14 | 3. BBHO will pass the index of the evaluation number `bbf_evaluation_i`, the total evaluation number `bbf_evaluation_n` and finally a list of the hyper parameters `next_input`. You can choose to do nothing with `bbf_evaluation_i` and `bbf_evaluation_n`, however they are meant to be used to print the progress of the optimizer. 
15 | 4. Use the `next_input` variable as the inputs to whatever problem you are trying to optimize. In my case, I might have a keras neural network that assigns the mini batch size and learning rate like `mini_batch_size, learning_rate = next_input`, where in this case `next_input = [some_mini_batch_size_value, some_learning_rate_value]`
16 | 5. After you have fed this input in, just make sure that your handler returns a scalar. In my configurer for lira, I get the validation accuracy and then use `np.mean(config_output)` to get one value representing how well the inputs performed. I then return it, and so my handler's evaluate method only needs 4 lines.

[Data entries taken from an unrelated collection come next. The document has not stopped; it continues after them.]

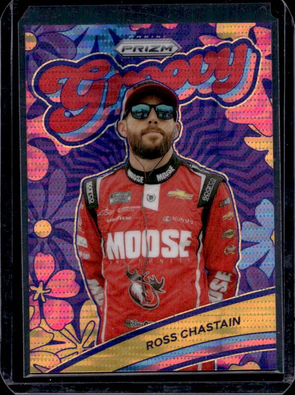 The Ross Chastain 2024 Prizm NASCAR #18 Groovy - Red Pulsar /199 card is 1 of 82 Ross Chastain's card variations in the 2024 Prizm NASCAR set being tracked by Sports Card Investor, including Base, Blue Ice, Green, Green Ice, and Red Ice.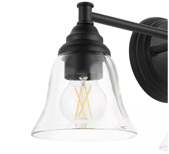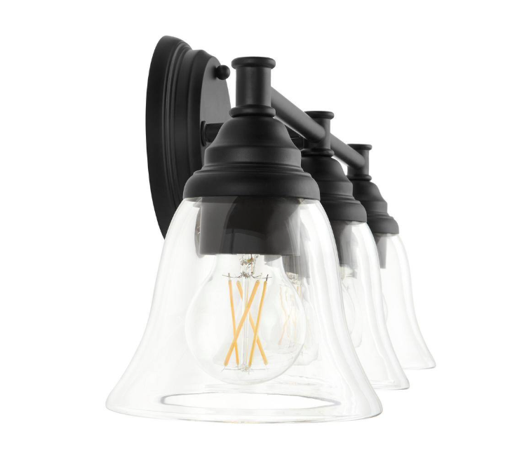 The Marsden family of light fixtures adds a transitional touch to your interior decor. With its sleek matte black finish and clear glass shades, the Marsden vanity light will light up the room and provide years of enjoyment. This wall-mounted light is perfect for bathrooms, bedrooms, and above mirrors in other areas of your home. Marsden bath vanity lights are easy to install with included instructions and hardware, and should be hardwired to an in-wall 120V power source. This vanity fixture requires (3) E26 60W max incandescent bulbs, or the LED equivalent, which need to be purchased separately. Be sure to check out other fixtures in the Marsden collection on this site.
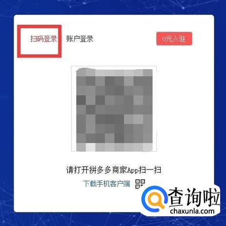 然后点击扫码登录,打开拼多多商家版APP扫码登录。如图所示。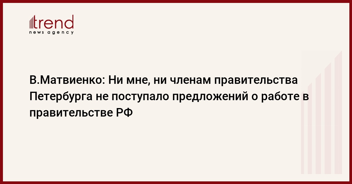 Губернатор Санкт-Петербурга Валентина Матвиенко заявила журналистам, что ни она, ни кто-либо из членов городского правительства не получал предложений о переходе на работу в правительство РФ, сообщает РБК. "Без моего ведома никто никуда уходить не может. Это является элементом наших обязатель ств др уг перед другом", - отметила глава города, комментируя слухи о возможности перехода губернатора Петербурга или других высокопоставленных чиновников Смольного в федеральное правительство. Отвечая на вопрос о том, как она оценивает кандидатуру Виктора Зубкова, предложенную на пост премьер-министра России, В.Матвиенко сказала, что он является "человеком с безупречной репутацией" и "хорошо представляет ситуацию в экономике и финансовой сфере". Губернатор предположила, что В.Зубков в случае утверждения его кандидатуры Государственной думой будет активно помогать Петербургу. Кроме того, отметила В.Матвиенко, "он много знает о счетах за рубежом". "Это важно, потому что нам надо очищать нашу экономику", - пояснила она.Напомним, накануне премьер-министр России Михаил Фрадков обратился к главе государства с просьбой рассмотреть вопрос об отставке правительства в преддверии парламентских и президентских выборов. Президент РФ Владимир Путин предложил на пост премьера кандидатуру В.Зубкова - главы Росфинмониторинга .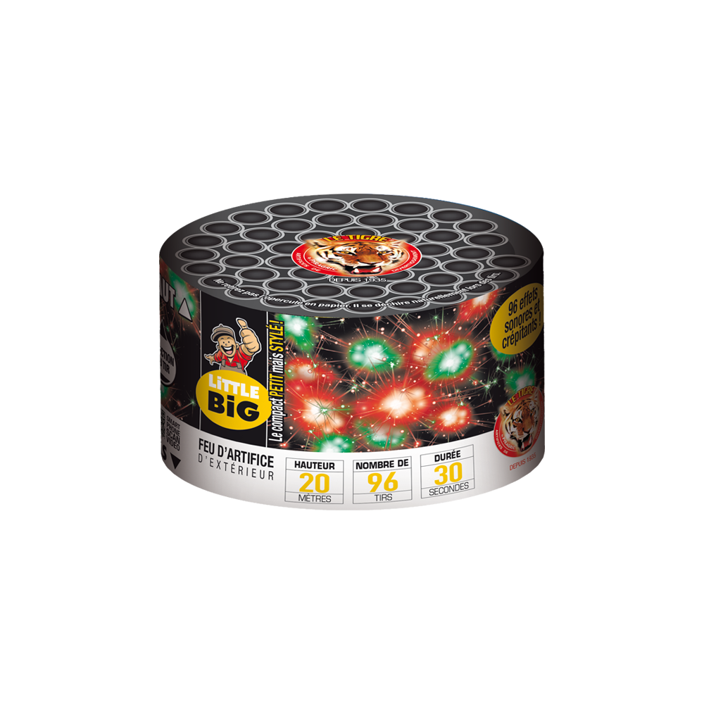 Le compact LITTLE BIG TONY de la marque Le Tigre® est un produit particulièrement intéressant pour les professionnels de l’artifice souhaitant proposer un compact dynamique et accessible à leur clientèle. Avec ses 96 départs multicolores et une durée d’environ 40 secondes, il offre un spectacle visuel efficace dans un format compact qui plaît beaucoup aux particuliers.

17 | 6. With this, you should be able to start optimizing, unfortunately there are some parameters for BBHO itself.
18 | 
19 | #Configuration
20 | 
21 | 1. In my lira black box function, I initialize it with `epochs` and `run_count` variables. These represent the number of times to loop over the training set, and the number of times to run an entire training iteration, respectively. As said in the Installation instructions, you can change the initialization to respect whatever your black box function may be, but you do have to initialize what you are optimizing in the beginning of `bbho.py`.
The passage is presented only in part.